Your example lacks the use of function you defined. Also I would advise to use stackoverflow to questions on usage - other people may be looking for the same question in future.

The most questions on stackoverflow in the past around programming on data.table are how to wrap it in a function, and pass variables as function arguments. This already can be achieved by using substitute/eval.

However by looking at the "new programming interface", I am confused what's new about it, and how's it different to the old way.

The programming interface from dplyr is easier to pass variable name as function argument like below.

var_summary <- function(data, var) {
  data %>%
    summarise(n = n(), min = min({{ var }}), max = max({{ var }}))
}
mtcars %>% 
  group_by(cyl) %>% 
  var_summary(mpg)

I was then wondering whether data.table's new interface make this easier as well?

In the past, I can just do deparse/substitute/eval to pass the variables from the data to the function argument

overlay <- function(lng, lat, data, basemap) {

    lng_name <- deparse(substitute(lng))
    lat_name <- deparse(substitute(lat))
    data_name <- deparse(substitute(data))

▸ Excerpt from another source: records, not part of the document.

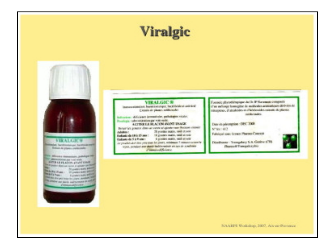
Figure 1. Viralgic, West Africa.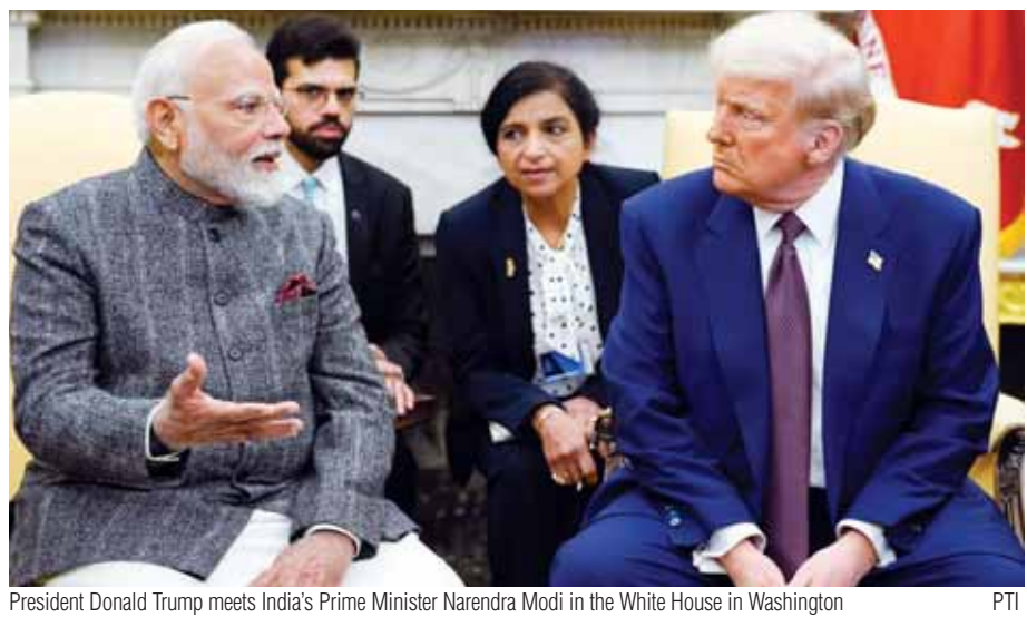
President Donald Trump meets India's Prime Minister Narendra Modi in the White House in Washington

India-United States (US) Transforming Relationship Utilising Strategic Technology (TRUST) will pave the way for economic and technological cooperation between the two countries, while focus on the IMEC framework will deepen collaboration in infrastructure and economic corridors, according to industry experts. Prime Minister Narendra Modi and US President Donald Trump have agreed on the TRUST initiative, to emphasise on creating strong supply chains of critical minerals, advanced materials, and pharmaceuticals. As per a joint statement issued after the Trump-Modi meeting in Washington, both countries have decided to launch a recovery and processing initiative for strategic minerals such as lithium and rare earth. The two sides will also work together on economic corridors and connectivity infrastructure under the India-Middle East-Europe Economic Corridor (IMEC) and I2U2 frameworks. "TRUST initiative on critical minerals and advanced materials marks a significant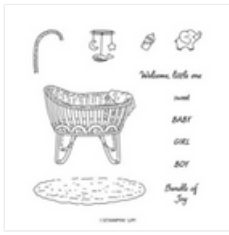
Cradled In Love Photopolymer Stamp Set (English) - 162956

Tami White tami@stampwithtami.com www.stampwithtami.com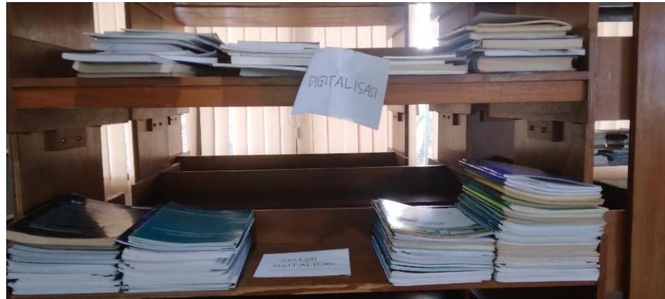
Figure 2: Digitalization Collection of the BRIN Bandung Djjunjunan Library.

In implementing the digitization of the gray literature collection, several obstacles were also encountered, namely limited facilities and infrastructure as well as human resources. The obstacle to facilities and infrastructure is the lack of representative equipment and space that can support the implementation of collection digitization. In facing these obstacles, librarians utilize existing facilities or use smartphones and modified parts of the library to carry out digitalization activities. The problem with limited human resources is the imbalance between the gray literature collection that will be digitized and the number of librarians available. Moreover, librarians also have other tasks that must be carried out, such as servicing and processing library collections. In overcoming this obstacle, BRIN librarians created an implementation schedule so that all librarians could come together to carry out digitalization activities that required teamwork. Apart from that, the library also collaborates with universities to collaborate on student internships to support the gray literature collection digitization program.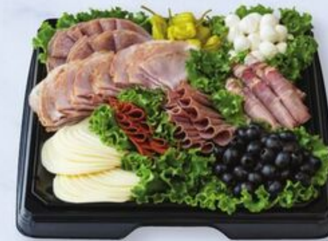
Italian Meat & Cheese Tray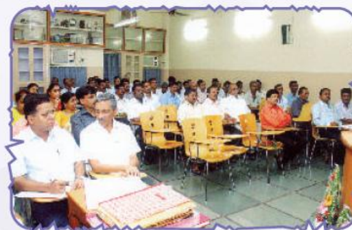
Non Teaching Staff Welfare Fund : 12th Annual General Meeting, 2010

    geo <- substitute(list(lng, lat))
    n_site <- dim(data)[1]
    boundary_name <- grep("CODE|MAIN", toupper(names(basemap)), value = TRUE)
    site_over_map <- data[, eval(geo)] %>%
        .[,  eval(boundary_name) := as.character(NA)]

    coord <- st_as_sf(site_over_map[, 1:2], coords = 1:2, crs = st_crs(basemap))
    overlay_ <- st_intersects(coord, basemap)
    empty2NA_ <- sapply(overlay_, function(x) ifelse(length(x) == 0, NA, x))
    code <- sapply(empty2NA_, function(x) {
        ifelse(is.na(x), NA, basemap[[boundary_name]][x])
    })
    site_over_map[, 3] <- code

    return(site_over_map)
}

However, from other's explorations, the new interface is not too different from what can be done previously.

Therefore, I was asking how the new programming interface could be used when data.base is to be used in a function, while function argument is variable names, whether such examples could be provided in the vignette so that people could know how to use them correctly.

The example in the original post is to pass several variable names as a function argument that to be used in by, this is also quite common in my user case. However, it still requires to use eval and substitute twice.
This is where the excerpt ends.